### Given data
BEGIN

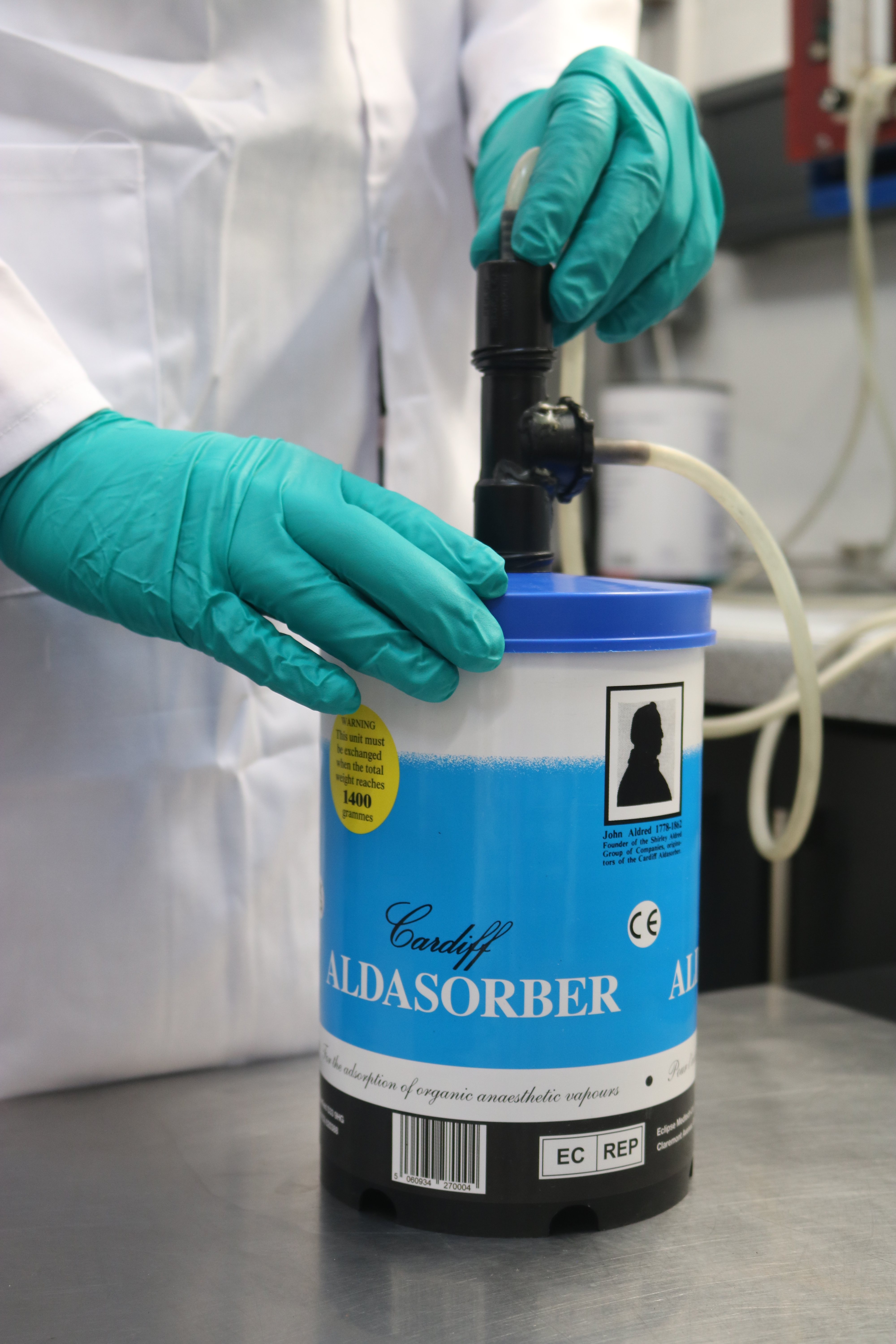 The Cardiff Aldasorber actively scavenges exhaled and waste Halothane gases from the operating theatre environment, thus minimising the effects of long term exposure to Halothane based products. This device plays a critical role in ensuring the safety and well-being of both medical staff and patients during surgeries.
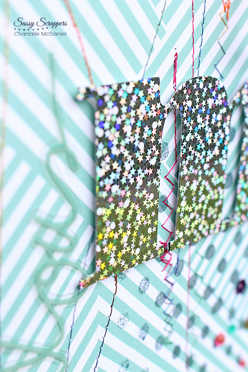 The large 'M' was foiled with some fun holographic foil I found at a hobby shop. I really love how smoothly the foil applies to the Heidi Swapp Minc accessories. The striped Wanderlust paper has been run with lots of messy machine stitching and multi-coloured thread. It's a fun touch to change up the stitch on your machine, from straight to zigzag. (Just be sure to lift the needle out of the paper before changing the settings!)
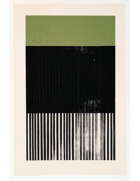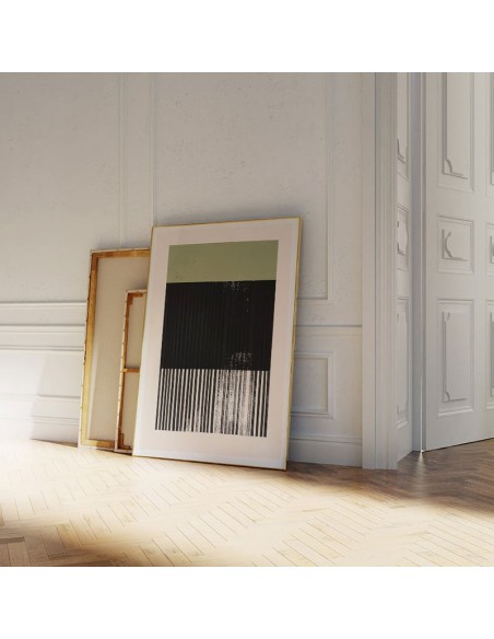 El cuadro "Paisaje en clave" es una obra de arte abstracto moderna y equilibrada. La franja superior, en un verde oliva sólido, transmite una sensación de naturaleza contenida. El bloque central, negro con sutiles texturas verticales y finalmente, la sección inferior, compuesta por líneas negras verticales sobre fondo blanco, recuerda a un código en clave que aporta dinamismo.

END

### What you should do
Print the preceding material over again exactly. Please leave the pictures out.

### Answer to this exercise
 The Cardiff Aldasorber actively scavenges exhaled and waste Halothane gases from the operating theatre environment, thus minimising the effects of long term exposure to Halothane based products. This device plays a critical role in ensuring the safety and well-being of both medical staff and patients during surgeries.
 The large 'M' was foiled with some fun holographic foil I found at a hobby shop. I really love how smoothly the foil applies to the Heidi Swapp Minc accessories. The striped Wanderlust paper has been run with lots of messy machine stitching and multi-coloured thread. It's a fun touch to change up the stitch on your machine, from straight to zigzag. (Just be sure to lift the needle out of the paper before changing the settings!)
 El cuadro "Paisaje en clave" es una obra de arte abstracto moderna y equilibrada. La franja superior, en un verde oliva sólido, transmite una sensación de naturaleza contenida. El bloque central, negro con sutiles texturas verticales y finalmente, la sección inferior, compuesta por líneas negras verticales sobre fondo blanco, recuerda a un código en clave que aporta dinamismo.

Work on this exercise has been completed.